The Office of the Scottish Charity Regulator has appointed an interim manager to an LGBT charity after its only active trustee resigned and it changed its objects without the regulator’s consent. 

The OSCR said in a statement that it had appointed an “interim judicial factor” to the Lesbian, Gay & Bisexual Community Project, which is based in Edinburgh and had an income of just under £24,000 in the year to the end of June 2017. 

The regulator opened an inquiry into the charity in 2018 amid concerns that included loans made by the charity to a trustee, management charges paid to a trustee, the use of properties owned by the charity and the change made to the charity’s purposes in 2015. 

The charity has failed to file its accounts on time each year for at least the past five years and its latest accounts, for the year to the end of June 2018, are almost a year overdue.

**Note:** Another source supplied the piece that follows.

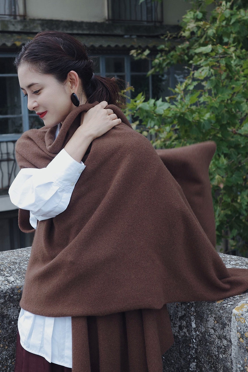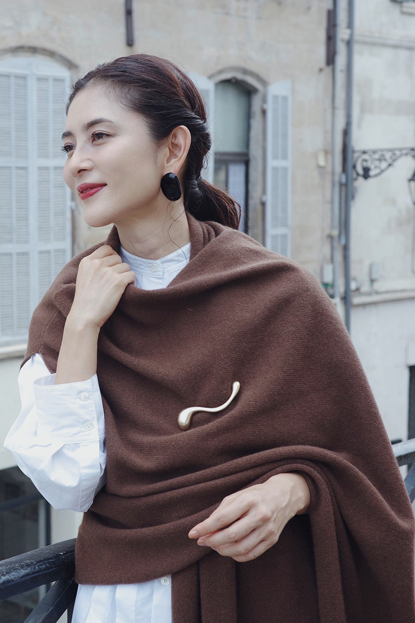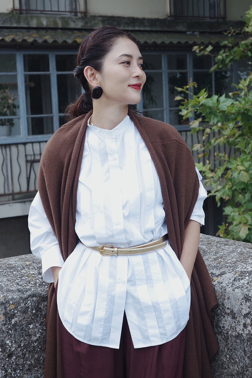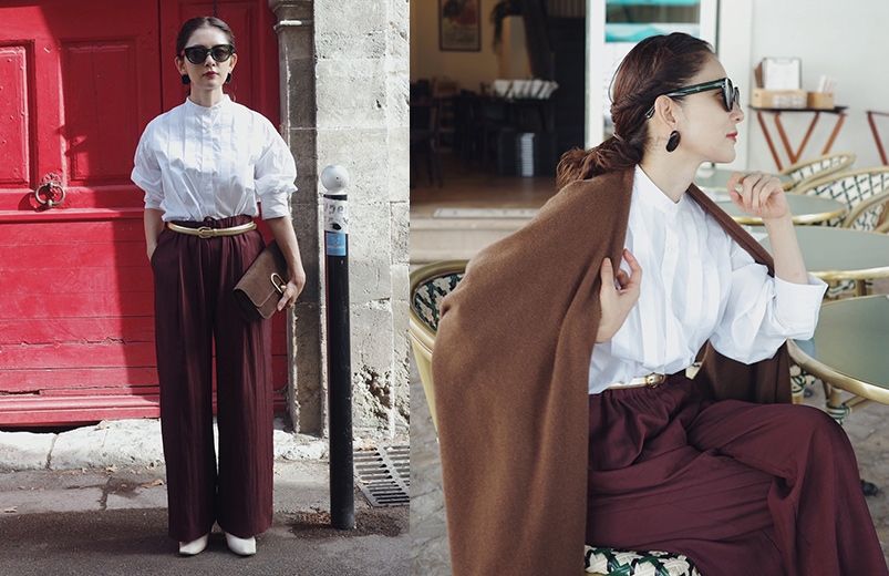 「特に秋のシーズン、国内外問わず、旅をするときに 毎回気分高まるのはハンサムなムード。 秋の空気感の中で小粋に映える気がするんです。 今回もシャツにパンツ、という装いを。 プリーツ仕立てやバーガンディカラーなど、 ベーシックをひとひねりしたアイテムでアップデート。 秋が深まったらストールを巻き、ドラマティック仕立てに」。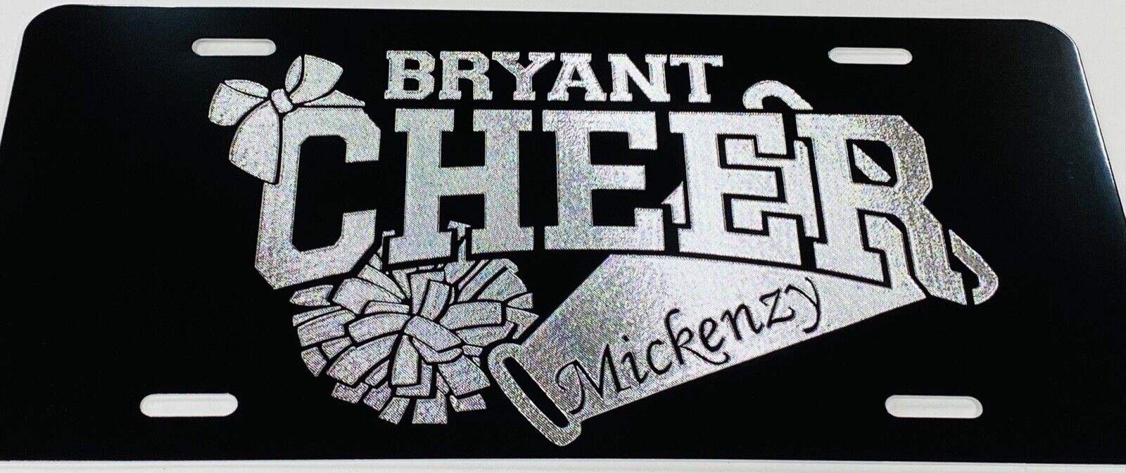 Cheer Cheerleading Pom Pom Car Tag Engraved Black Silver Etched License Plate

The regulator said it took action after it was notified that the only active trustee for the charity had resigned. 

It said the charity was registered as a charity in 1996 with objects of benefiting the community “by the preservation and protection of the good health both physical and mental of gay men, lesbians and bisexual people in Scotland, and to provide health education for the benefit of such persons”.

But the OSCR said that the charity submitted amended articles of association with Companies House in June 2015. 

The charity’s purposes in these articles of association were changed to “to provide a safe meeting space for lesbians, gay men and transgender people in the community”, according to the OSCR. 

The charity did not apply to the OSCR for consent to change its purposes, as is required under charitable law, the regulator said. 

It said the Court of Session had made a ruling to appoint an interim judicial factor to the charity, who would be Emma Porter of Aver Chartered Accountants. 

“As a result of the OSCR’s inquiry, and information gathered in the course of that inquiry, the OSCR reasonably believes that there is or has been misconduct in the administration of the charity and that it is necessary and desirable to act with the purpose of protecting its property and of securing the proper application of such property for its purposes,” the OSCR said.